We examine nonprofit organizations’ involvement in the Paycheck Protection Program (PPP). The PPP provided participants with forgivable loans to pay employee salaries, increasing participants’ financial flexibility during the pandemic. We examine the associations between nonprofits’ prepandemic financial obligations (e.g., long-term debt and donor-restricted net assets) and PPP participation and participants’ loan characteristics. First, we find nonprofit organizations participated at a lower rate than other small business industries and that nonprofits with greater financial obligations were more likely to participate in the program. Second, we find financial obligations were positively associated with the loan amount received as a percentage of total payroll costs.

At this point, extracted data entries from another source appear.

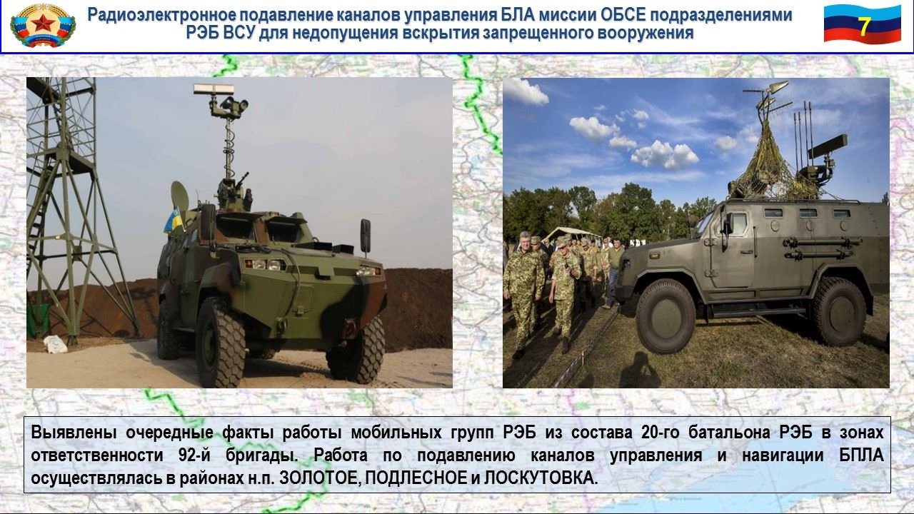 Согласно указаниям командования «ООС» подразделения РЭБ, с целью сокрытия фактов размещения запрещенной военной техники, продолжают радиоэлектронное подавление каналов управления БЛА миссии ОБСЕ.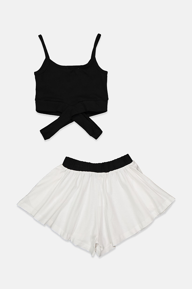 Kids Girl 2 Pc Graphic Top And Shorts Set, Black and White
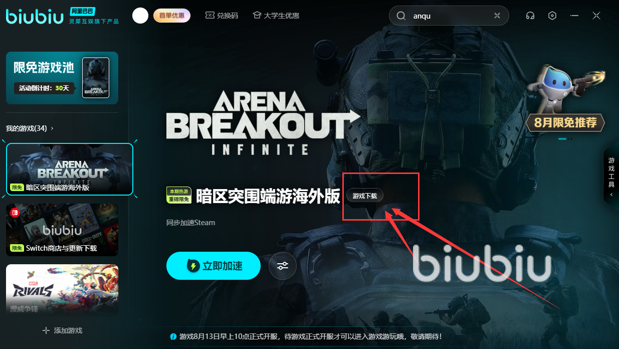 有些小伙伴可能担心费用问题,现在不用担心了,现在特别推出了限免活动,暗区突围pc版首月biubiu免费加速!直接在biubiu首页搜索游戏就可以一键下载并加速了。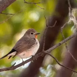 橙胸姬鹟:体长12-16厘米,是一种体型略小的林栖型鹟。尾黑而基部白,上体橄榄褐色,额具一白色横带,…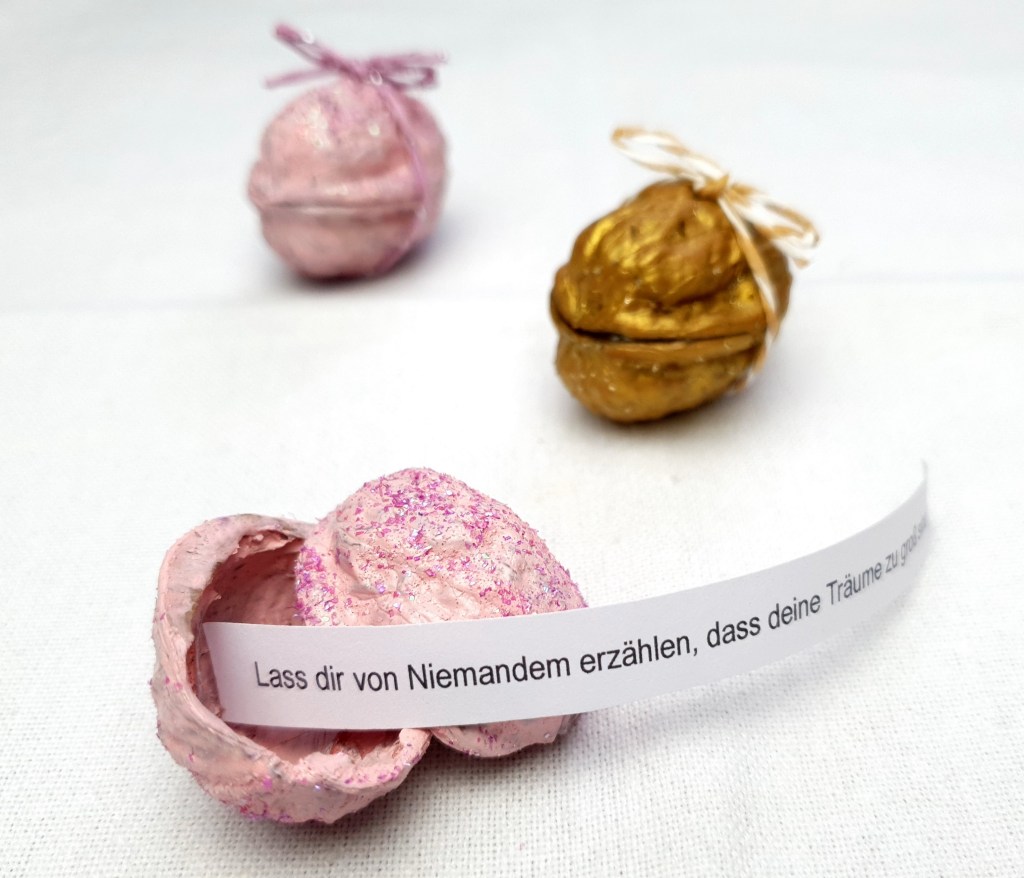 Wenn du keine Lust auf Basteln und Sprüche hast gibt es auch fertige Glücksnüsse, die mit verschiedenen Edelsteinen gefüllt sind: Überraschungsnüsse (Werbelink)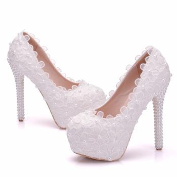 النساء أحذية مضخات فستان الدانتيل منصة مقاوم للماء جولة تو الكعوب رقيقة 14 سنتيمتر عالية الكعب المرأة أحذية الزفاف

Last, although approximately 11% of nonprofits failed to obtain loan forgiveness, we find nonprofits with restricted net assets were more likely to have their loans forgiven. Our results suggest nonprofits with greater debt and donor obligations used the PPP to increase their financial flexibility.

Suggested Citation

  • Daniel G. Neely & Gregory D. Saxton & Paul A. Wong, 2023. "Nonprofit Organizations’ Financial Obligations and the Paycheck Protection Program," Management Science, INFORMS, vol. 69(7), pages 4353-4361, July.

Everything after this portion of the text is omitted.